Brent Jones, a 20 year veteran of the Milwaukee Fire Department, almost became part of that group several times while dealing with Post Traumatic Stress Disorder (PTSD), depression, anxiety and obsessive compulsive disorder.

"A lot of times you as a first responder," shared Jones. "You go to sleep and you see some of the scenes you went out on."

Jones said he wouldn't wish the images he's seen on anyone else. He said to understand what he lives with someone would have to go to great lengths.

"You would have to think of the worst thing that’s happened to you in your life or that you’ve seen and replay that for 20 years," he said.

He explains firefighting culture hasn't historically been one of sharing emotions. But, the culture is changing as new information about suicide rates emerges.

In 2017 a study found 103 firefighters died by suicide, while 93 died doing their job.

Jones hopes to put a stop to that trend. The I-Team met up with him at the Capitol in Madison, where he and hundreds of firefighters and police officers from across the state gathered to ask lawmakers to pass a law allowing worker's compensation payments for PTSD.
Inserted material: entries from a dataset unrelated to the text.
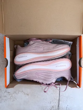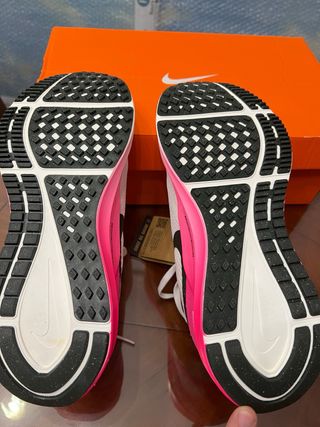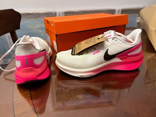 Zapatillas deportivas Nike Structure 25 en talla 40.5. - Diseño moderno en blanco y rosa. - Parte superior de malla transpirable. - Suela con tecnología Zoom Air para mayor amortiguación.
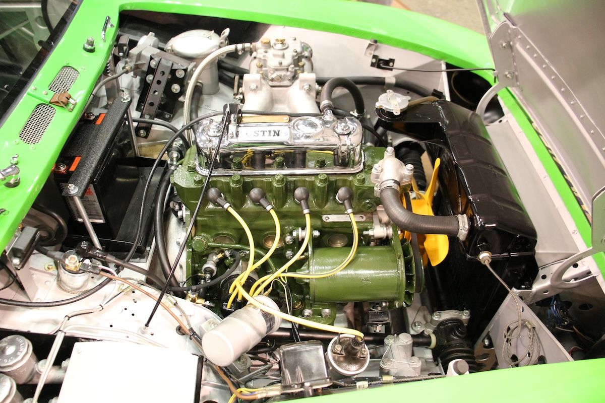 ゼッケン#49号車に積まれているBMCコンペティション・ドライサンプ・エンジンはビッグバルブで、ヒーター・バルブが埋められている仕様となる。XSP専用のAEG305と呼ばれるAシリーズ・エンジン用スペシャル・シリンダーヘッドを採用している点も特筆すべきポイントだ。トランスミッションはMG B用のケースを使い、中身はヒーレー・ワークス謹製となっている。
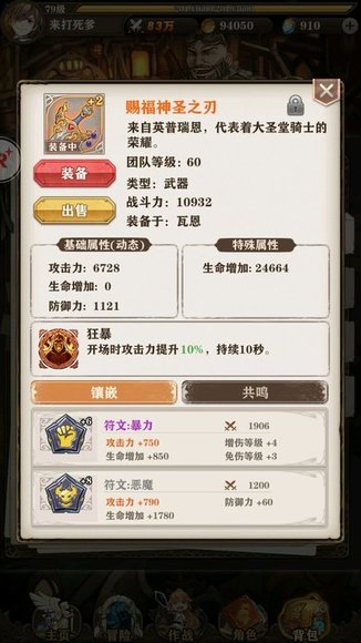 第二种神圣之刃开场10秒提高百分比攻击由于我这把武器出的少强化不高,不清楚提升数值,有没有高强的大佬提供图片。。这把武器推荐给前期英雄使用,可以把10秒加攻的效果最大化。
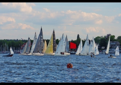 Zur zweiten Wettfahrt des gemeinsamen Jubiläumscup von PYC und BYC traten bei Leichtwindbedingungen 48 Schiffe an.
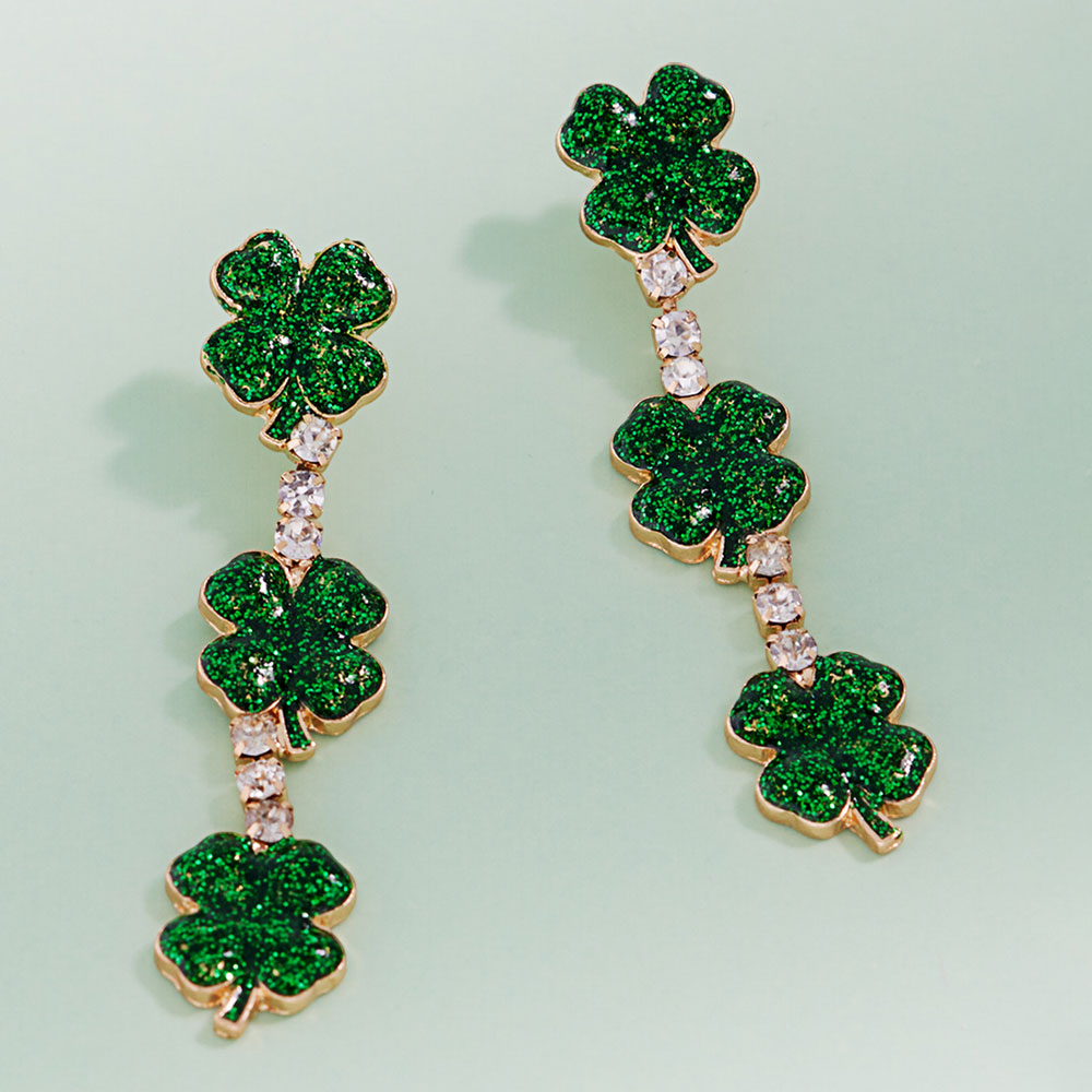 • Festive drop earrings featuring a trio of shamrock charms linked with sparkling accents for eye-catching movement. Designed for seasonal celebrations, parades, themed outfits, or gift giving, adding playful style to day or evening looks with a lightweight feel.
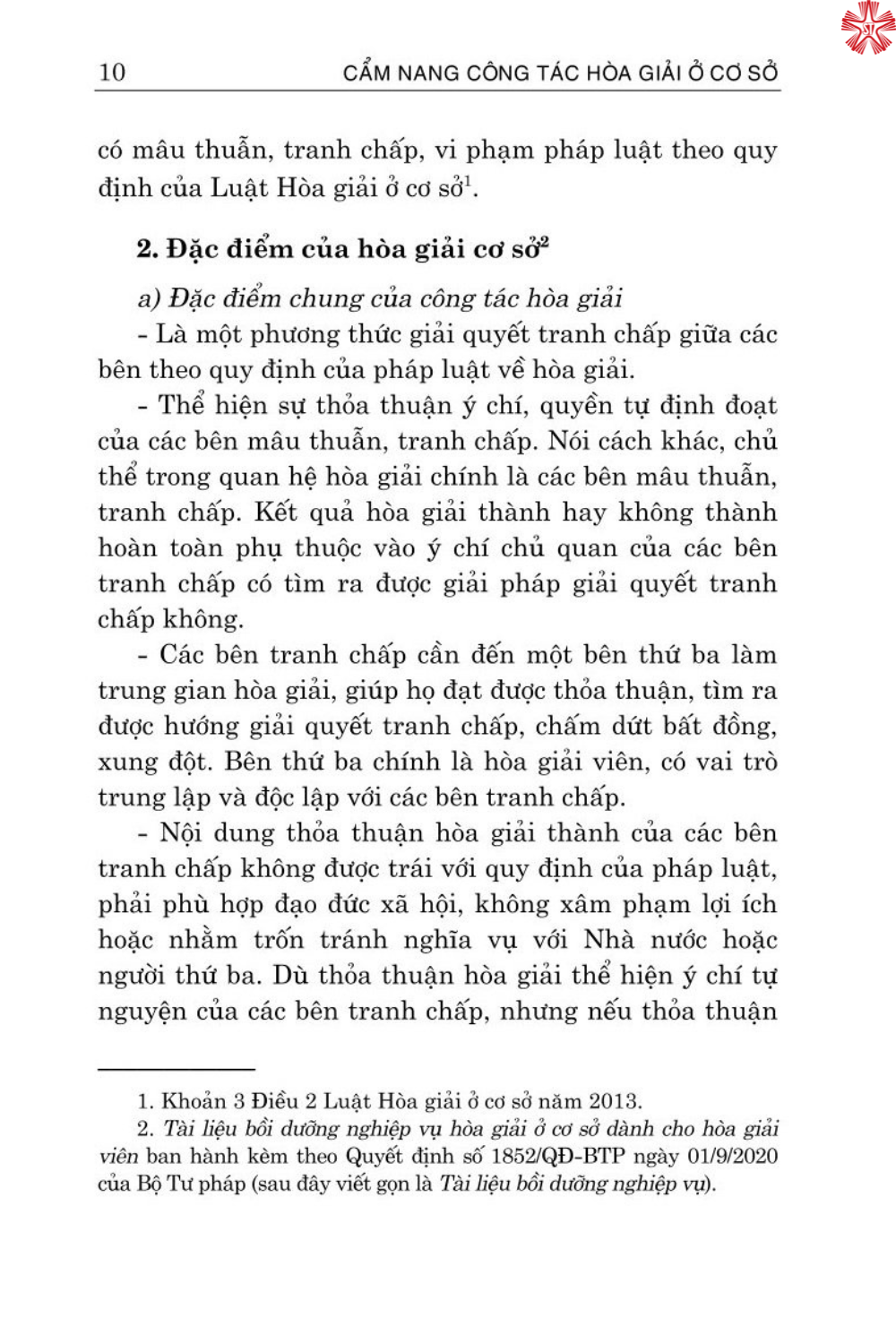 Công tác hòa giải ở cơ sở là một việc làm có ý nghĩa rất thiết thực đối với đời sống xã hội hiện nay nhằm mang lại niềm vui cho mọi người, mọi nhà, giữ gìn trật tự, an toàn xã hội, nâng cao ý thức pháp luật của người dân. Do vậy, việc các chính quyền ở cơ sở cần nắm vững những thông tin liên quan đến công tác hòa giải để giải quyết những mâu thuẫn, tranh chấp nhỏ trong nhân dân là một việc làm cần thiết. Đánh giá tầm quan trọng đó của công tác hòa giải, cuốn sách Cẩm nang công tác hòa giải ở cơ sở được xuất bản sẽ giúp chúng ta nhận thức được vấn đề đã nêu.
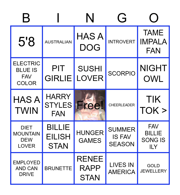 This bingo card has a free space and 24 words: BILLIE EILISH STAN, BRUNETTE, SUSHI LOVER, EMPLOYED AND CAN DRIVE, TAME IMPALA FAN, 5'8, ELECTRIC BLUE IS FAV COLOR, AUSTRALIAN, CHEERLEADER, HUNGER GAMES, SCORPIO, HAS A TWIN, SUMMER IS FAV SEASON, FAV BILLIE SONG IS ILY, PIT GIRLIE, LIVES IN AMERICA, TIK TOK >, HAS A DOG, NIGHT OWL, HARRY STYLES FAN, GOLD JEWELLERY, DIET MOUNTAIN DEW LOVER, INTROVERT and RENEE RAPP STAN.
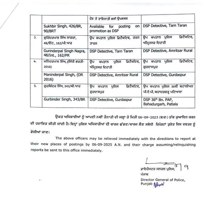ਪੰਜਾਬ ਸਰਕਾਰ ਵੱਲੋਂ ਪੰਜਾਬ ਪੁਲਿਸ ਦੇ ਪੰਜ ਅਧਿਕਾਰੀਆਂ ਦੇ ਤਬਾਦਲੇ ਕਰ ਦਿੱਤੇ ਗਏ ਹਨ। ਇਹ ਸਾਰੇ ਅਧਿਕਾਰੀ DSP ਰੈਂਕ ਦੇ ਹਨ। ਹੁਕਮਾਂ ਨੂੰ ਤੁਰੰਤ ਪ੍ਰਭਾਵ ਨਾਲ ਲਾਗੂ ਕਰਨ ਲਈ ਕਿਹਾ ਗਿਆ ਹੈ। ਜਿਨ੍ਹਾਂ ਅਧਿਕਾਰੀਆਂ ਦੇ ਤਬਾਦਲੇ ਕੀਤੇ ਗਏ ਹਨ ਉਨ੍ਹਾਂ ਦੀ ਲਿਸਟ ਹੇਠਾਂ ਦਿੱਤੇ ਮੁਤਾਬਕ ਹੈ :
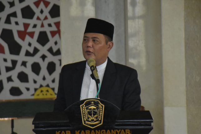 Bupati Karanganyar saat khotbah dihadapan ribuan jamaah
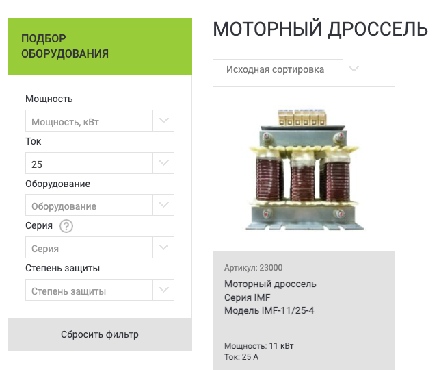 Также моторный дроссель можно выбрать с помощью фильтра на нашем сайте.
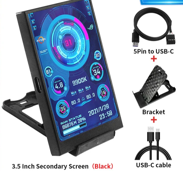 3,5-дюймовый IPS экран Caturda для отображения данных состояния компьютера. Стоит такой комплект 1300 руб. Ссылка на него
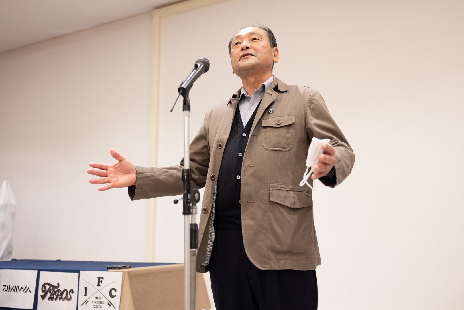 "Today, many people from afar, from Aomori in the north to Miyazaki in the south, participated in the tournament, and we were able to hold it grandly. Thank you very much for your cooperation. Congratulations on the fishing again. Muroto City has a valuable terrain that has been certified as a UNESCO Geopark. From the national highway, you can see the rare earth, mountains, and sea. Depending on the weather, the color and brightness of the mountains and seas look completely different. The throat that everyone enjoys today is a fish unique to Muroto, which has the deep sea near the coast of Japan. By all means, I would like to continue this tournament with the 3rd and 4th sessions in the future, making it a bigger and bigger tournament. We look forward to your continued support. 」
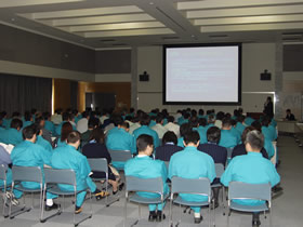 The lecturer introduced efforts to improve communication such as "'Why not? activities' through Meister Patrol," "Use of 'Question Sheet' activities," and "Strategic Training Map" for the prevention of human error. He also talked about detailed examples of safety and quality assurance activities now being carried out by Mitsubishi Heavy Industries.

"There's so many first responders out there right now that aren't getting the help they need because they either can't afford it or they're afraid of what's going to happen." Jones said. "They're afraid of not having a paycheck, their families not being taken care of while they're trying to get help."

Jones believes the bill, AB569 and SB511, will allow more firefighters and police officers to access treatment quickly. Even quicker than he did when he needed it.

"I should have gone immediately, but I took an extra two weeks so I could get my affairs in order," he said.

Most importantly, Jones believes people needing help should go get treatment or talk to their peers.

"You can be happy again. I am one of the lucky ones. I got to go back to work, I got to come back to the job that I absolutely love and I'm happier now," Jones said.

The Milwaukee Fire Department has a peer support program, which sends peer support counselors to stations after they experience high stress calls, like the death of a child.